## EXERCISE GOAL
Please repeat each line below exactly, with no images in the copy.

RECORDED INFORMATION Start Marker

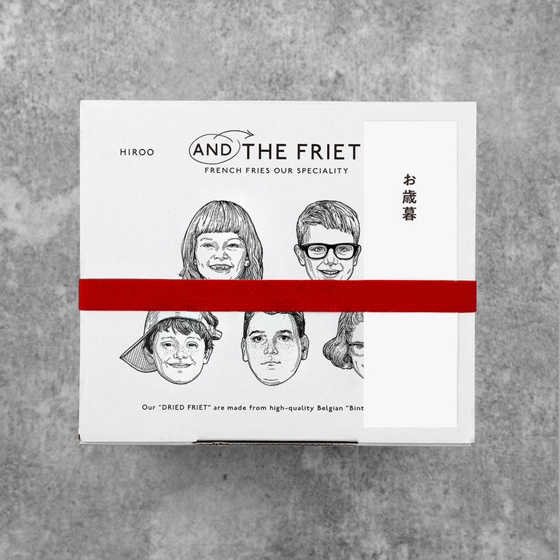 ご自宅での食べくらべやちょっとしたギフト、お配り用にも活躍するボックスです。AND THE FRIETがこだわって世界各国から選び抜いたじゃがいもを使い、じっくり丁寧に仕上げることで、素材のおいしさをギュッと引き出しました。平林奈緒美氏が手がけるパッケージとAnje Jager氏のイラストで、手に取った方が笑顔になるちょっと特別な一品に仕上がっています。
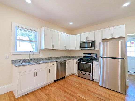 Truly a great deal on a fully renovated two bedroom apartment on the Medford Somerville line. It is an easy walk to Magoun Square and not far to Davis Square. Beautiful kitchen with granite countertops and stainless steel appliances. Open concept living-dining area with vaulted ceilings. There are also hardwood floors throughout and laundry is on the second floor landing and it's free! There is also one parking spot off street included with the rent. A cat is negotiable. This is an awesome apartment. (Reference #177100)
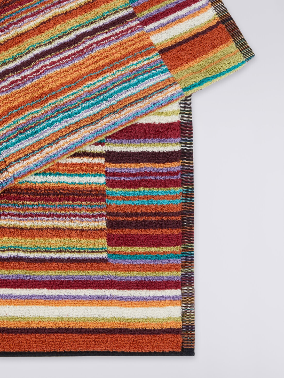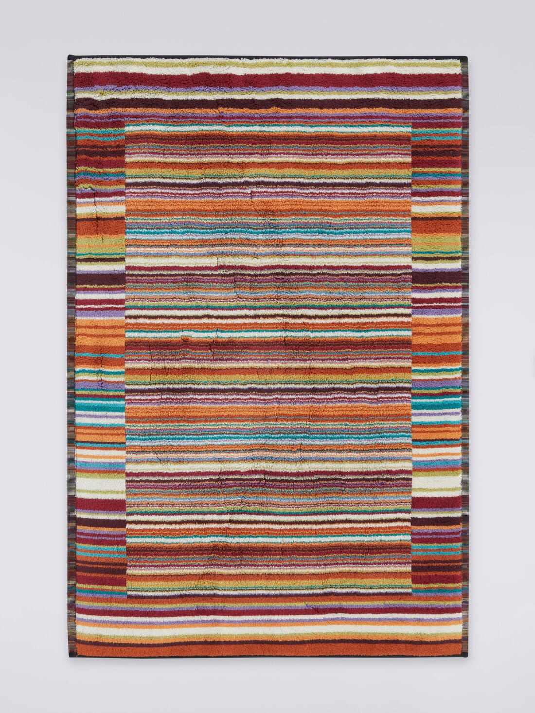Il ritmo ipnotico e quasi musicale delle righe verticali, sottolineato dalle campiture di spessore diverso dei profili, caratterizza il tappetino bagno 60x90 cm Jazz. MissoniHome mescola suggestioni geometriche e raffinate variazioni cromatiche per dare un guizzo inconfondibile alla sala da bagno.

RECORDED INFORMATION End Marker

## RESULT
 ご自宅での食べくらべやちょっとしたギフト、お配り用にも活躍するボックスです。AND THE FRIETがこだわって世界各国から選び抜いたじゃがいもを使い、じっくり丁寧に仕上げることで、素材のおいしさをギュッと引き出しました。平林奈緒美氏が手がけるパッケージとAnje Jager氏のイラストで、手に取った方が笑顔になるちょっと特別な一品に仕上がっています。
 Truly a great deal on a fully renovated two bedroom apartment on the Medford Somerville line. It is an easy walk to Magoun Square and not far to Davis Square. Beautiful kitchen with granite countertops and stainless steel appliances. Open concept living-dining area with vaulted ceilings. There are also hardwood floors throughout and laundry is on the second floor landing and it's free! There is also one parking spot off street included with the rent. A cat is negotiable. This is an awesome apartment. (Reference #177100)
Il ritmo ipnotico e quasi musicale delle righe verticali, sottolineato dalle campiture di spessore diverso dei profili, caratterizza il tappetino bagno 60x90 cm Jazz. MissoniHome mescola suggestioni geometriche e raffinate variazioni cromatiche per dare un guizzo inconfondibile alla sala da bagno.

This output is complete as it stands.